I'm sorry if I sound too ignorant, I don't have a high level of knowledge in math.

Interested in learning to integrate through other paths besides the real line in the complex plane, I searched how to do so in the internet. The most understandable "proof" of the "Line Integration Formula" was the following:

$C$ is a contour defined by $P(t)=R(t)+iI(t)$, $a<t<b$

$∫f(z)dz$ (through $C$) $=∫f(z(t))z'(t)dt$ (from $a$ to $b$)

since $z$ is in function of $t$, and $z'(t)=dz/dt$, so $dz$=$z'(t)dt$

The latter confuses me in the first step, when we state that the Integration of $C$ in $f$ $=∫f(z)dz$ (through $C$).

With the $∫f(z)$, I can imagine the sum of many (infinite) inputs of $C$ in $f$. But what is the meaning of $dz$?

In "real" integrals, $dx$ can be seen as $(b-a)/m$, where $m$ is the number of inputs we are adding, but I struggle when trying to see $dz$ in the same way since I can´t find the parallel of that $(b-a)$ in complex integrals.
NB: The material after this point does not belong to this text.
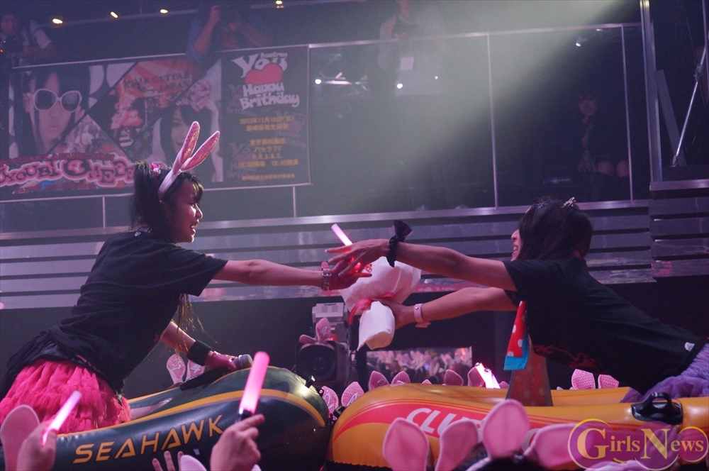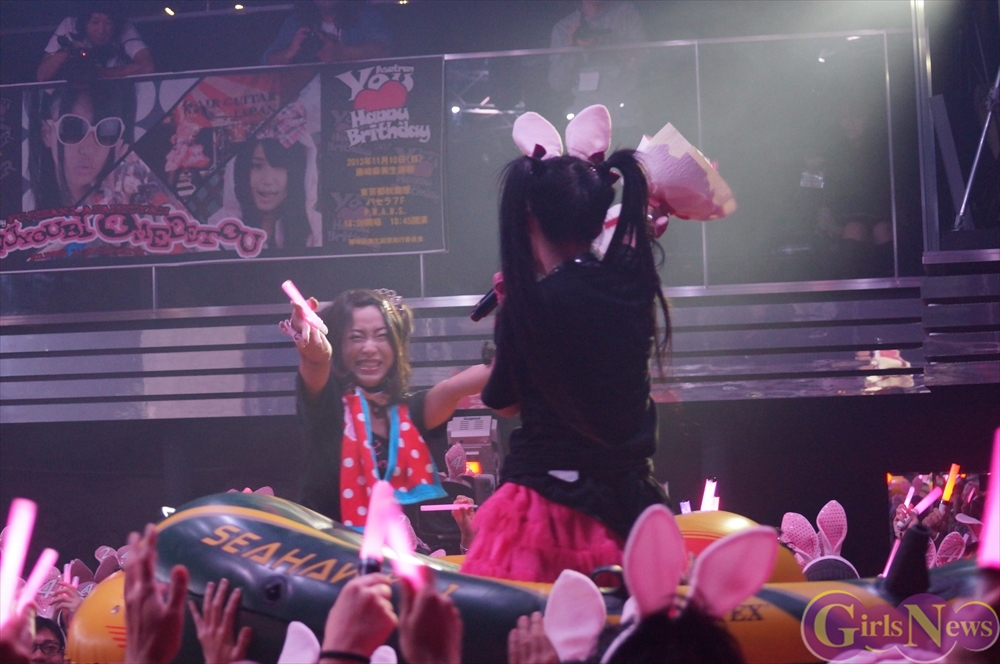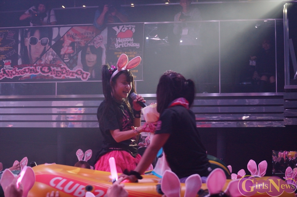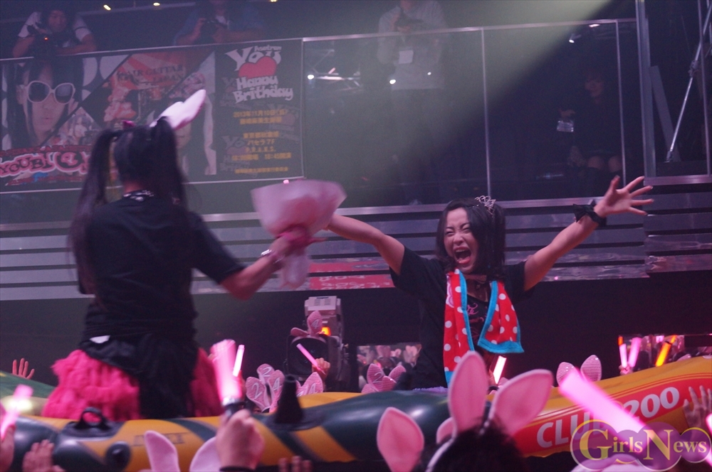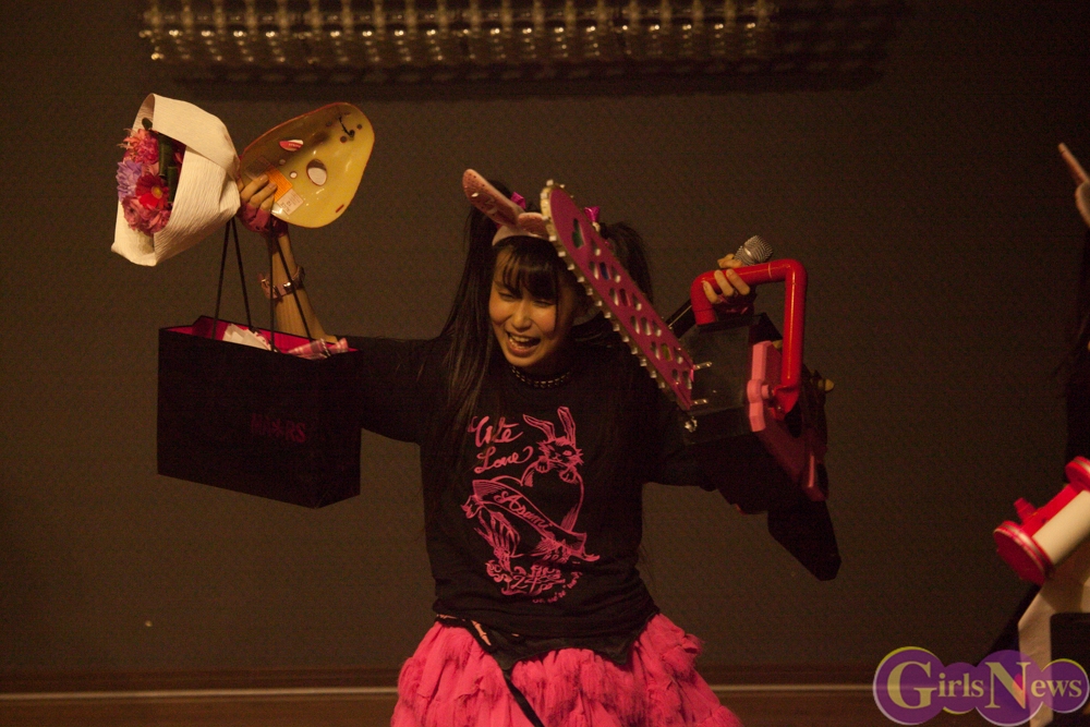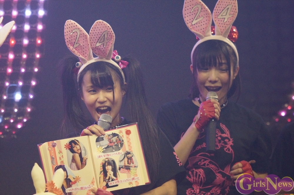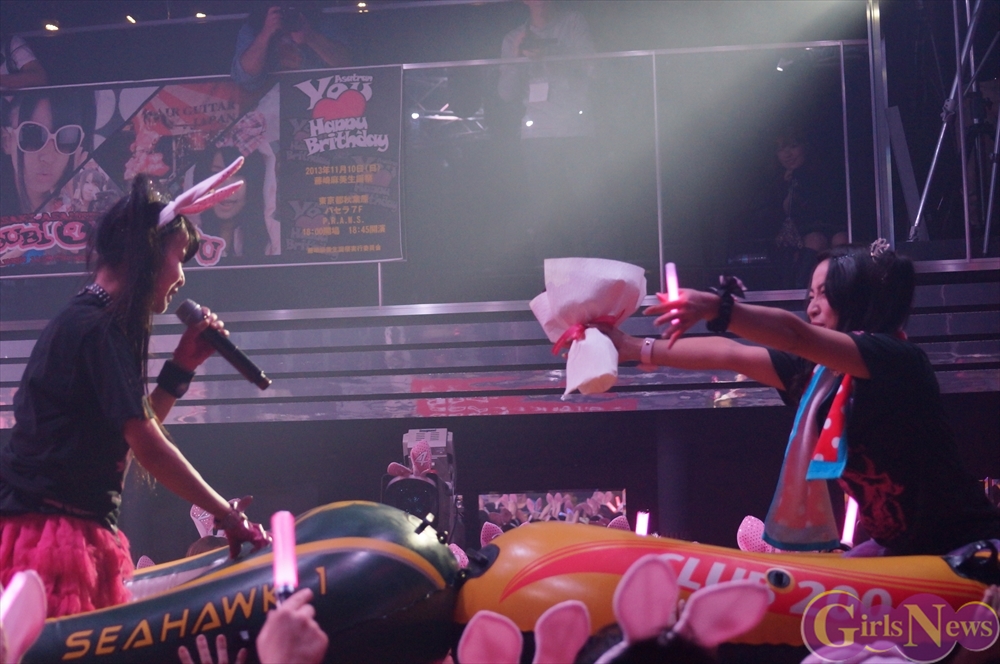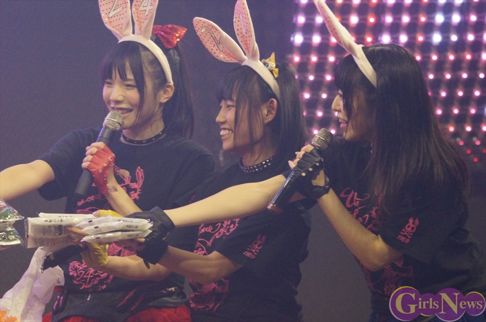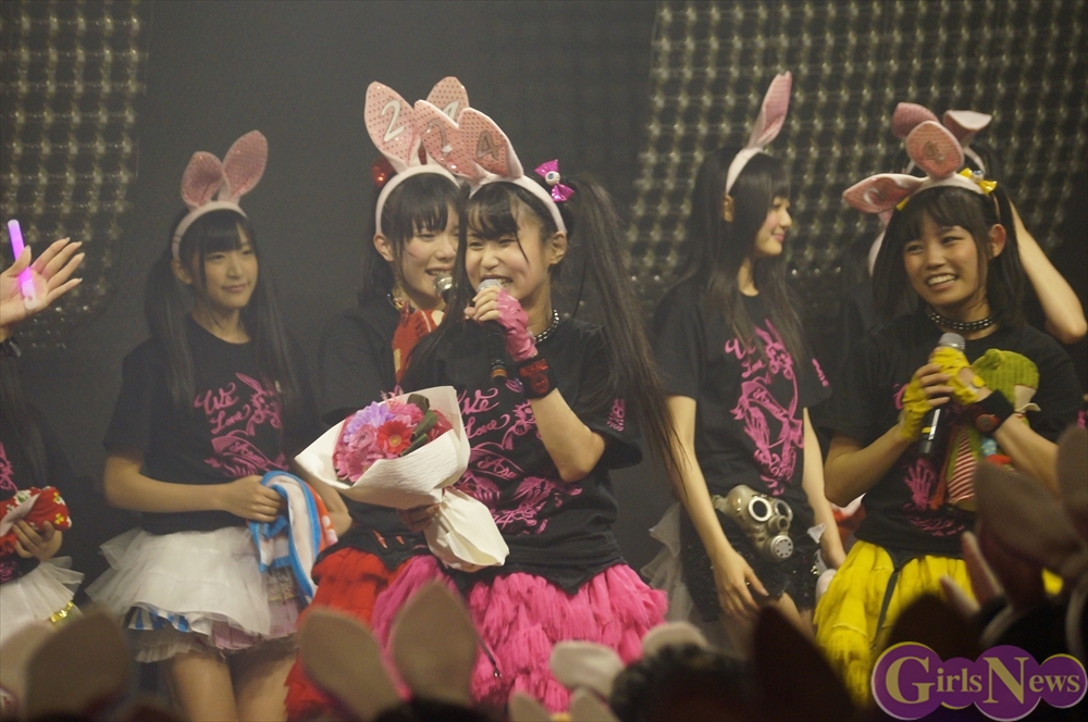 恒例のプレゼント攻勢には、花束やヲタ図鑑、うさ耳や生誕Tシャツ。メンバーからの色紙や海苔のプレゼントも!

My first intuition was to think of $(b-a)$ as the length of the curve, but the "Line Integration Formula" seems to pay no attention on the length of the contour it is integrating.

Is there a way to approximate a complex integral in a similar way to the "real" integrals? I believe such approximation, if it exists, might give me an insight on the meaning of $dz$.

I think that my question is hard to explain, so if there is something that is confusing I would be happy to clarify.

I would really appreciate any explanation or insight!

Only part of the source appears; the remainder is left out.